Data listing ::

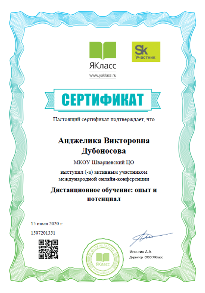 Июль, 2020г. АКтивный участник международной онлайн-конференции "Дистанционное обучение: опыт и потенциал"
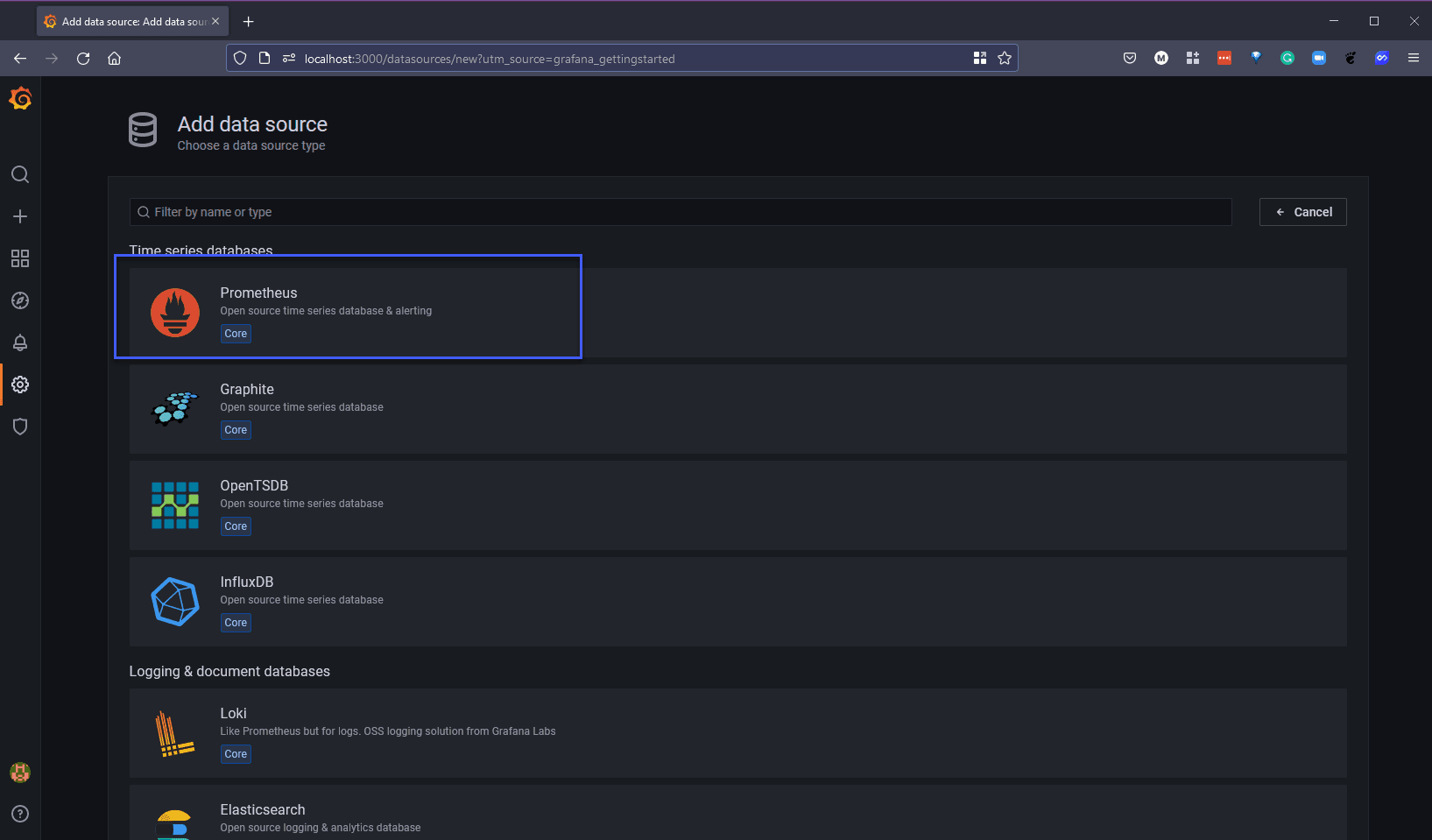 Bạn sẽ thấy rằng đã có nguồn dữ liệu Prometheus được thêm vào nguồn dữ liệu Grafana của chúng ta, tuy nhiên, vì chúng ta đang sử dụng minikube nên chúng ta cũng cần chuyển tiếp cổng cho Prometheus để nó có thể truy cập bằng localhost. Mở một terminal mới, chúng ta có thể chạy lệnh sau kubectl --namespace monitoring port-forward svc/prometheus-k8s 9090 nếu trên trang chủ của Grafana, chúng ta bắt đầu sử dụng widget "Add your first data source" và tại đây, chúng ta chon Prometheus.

...

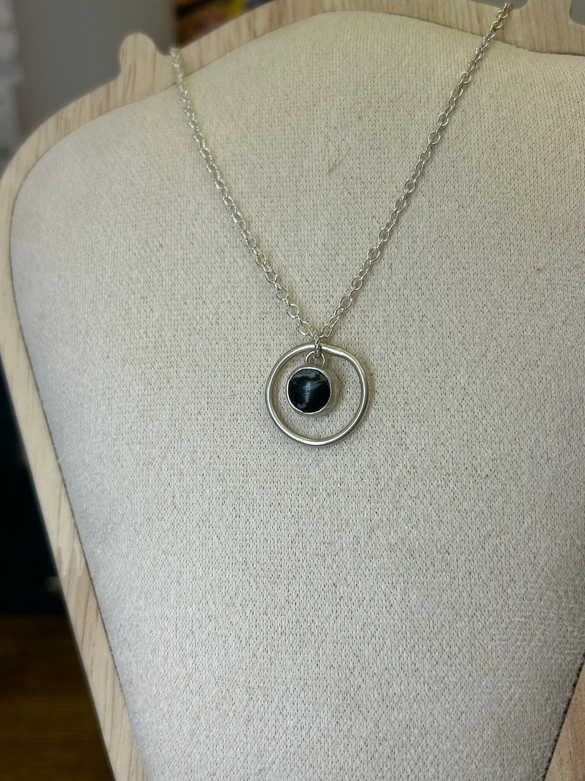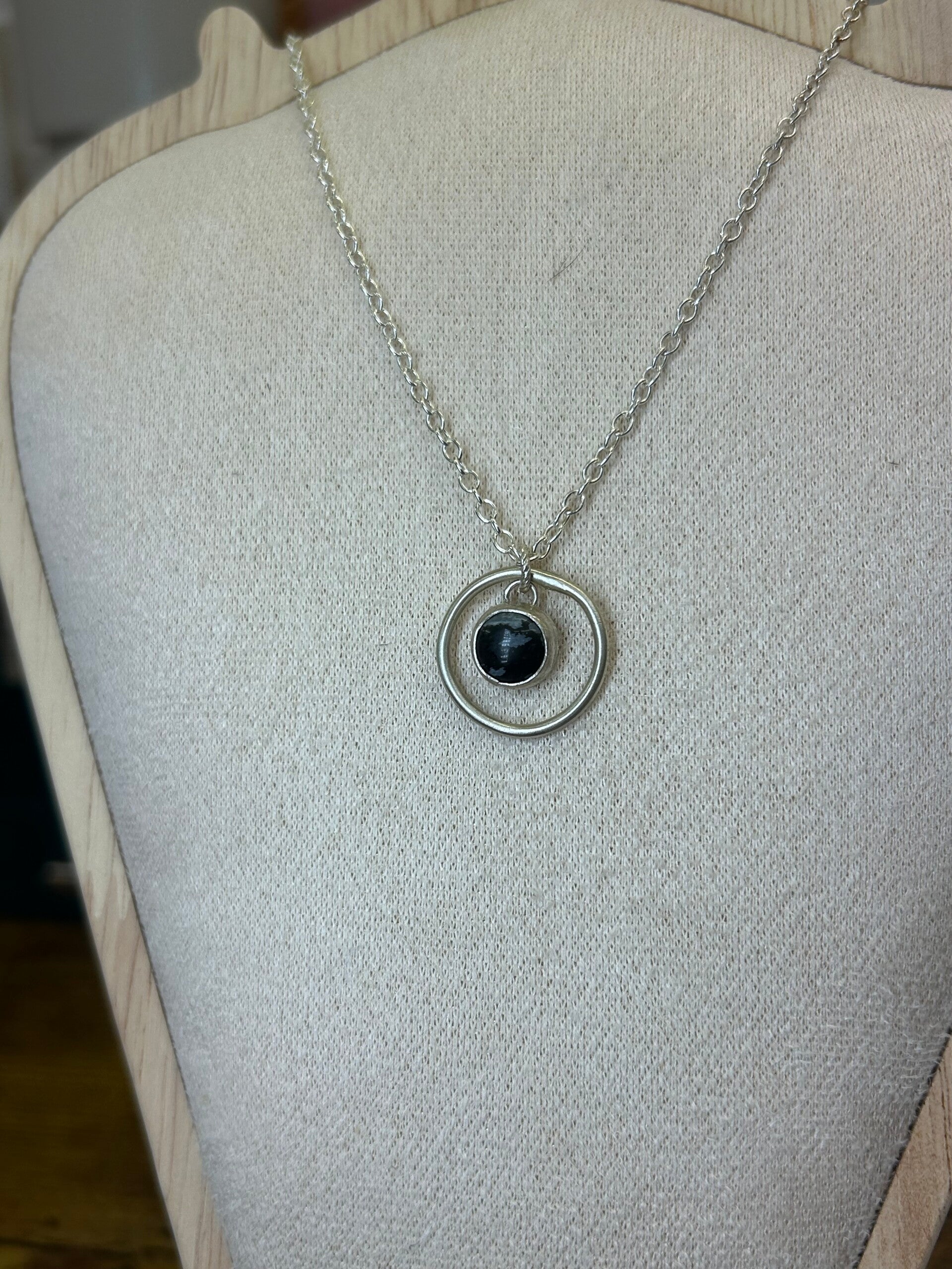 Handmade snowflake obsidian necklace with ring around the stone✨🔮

* * *

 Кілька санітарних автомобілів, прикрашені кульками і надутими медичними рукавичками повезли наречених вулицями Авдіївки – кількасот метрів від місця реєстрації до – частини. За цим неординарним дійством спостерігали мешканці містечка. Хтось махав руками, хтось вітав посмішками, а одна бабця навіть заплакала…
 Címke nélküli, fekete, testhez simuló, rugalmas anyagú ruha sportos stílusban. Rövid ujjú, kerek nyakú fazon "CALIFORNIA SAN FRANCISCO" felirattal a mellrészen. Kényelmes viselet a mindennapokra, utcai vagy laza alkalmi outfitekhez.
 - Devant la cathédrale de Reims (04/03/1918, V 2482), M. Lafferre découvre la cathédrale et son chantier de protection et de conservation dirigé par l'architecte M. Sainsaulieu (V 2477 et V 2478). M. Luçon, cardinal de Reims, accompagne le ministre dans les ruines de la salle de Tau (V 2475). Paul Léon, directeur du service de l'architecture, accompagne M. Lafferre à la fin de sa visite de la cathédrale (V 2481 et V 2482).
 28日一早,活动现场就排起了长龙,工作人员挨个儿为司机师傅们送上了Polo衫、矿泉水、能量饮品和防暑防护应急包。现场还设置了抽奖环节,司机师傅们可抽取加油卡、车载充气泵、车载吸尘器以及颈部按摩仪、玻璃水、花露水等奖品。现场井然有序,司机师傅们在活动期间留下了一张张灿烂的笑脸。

Your instructions :: Above are the records; print exactly the lines from the line with "- Devant la" to the line with "28日一早,活动现场就排起了", including both, and nothing else.

Written solution ::
 - Devant la cathédrale de Reims (04/03/1918, V 2482), M. Lafferre découvre la cathédrale et son chantier de protection et de conservation dirigé par l'architecte M. Sainsaulieu (V 2477 et V 2478). M. Luçon, cardinal de Reims, accompagne le ministre dans les ruines de la salle de Tau (V 2475). Paul Léon, directeur du service de l'architecture, accompagne M. Lafferre à la fin de sa visite de la cathédrale (V 2481 et V 2482).
 28日一早,活动现场就排起了长龙,工作人员挨个儿为司机师傅们送上了Polo衫、矿泉水、能量饮品和防暑防护应急包。现场还设置了抽奖环节,司机师傅们可抽取加油卡、车载充气泵、车载吸尘器以及颈部按摩仪、玻璃水、花露水等奖品。现场井然有序,司机师傅们在活动期间留下了一张张灿烂的笑脸。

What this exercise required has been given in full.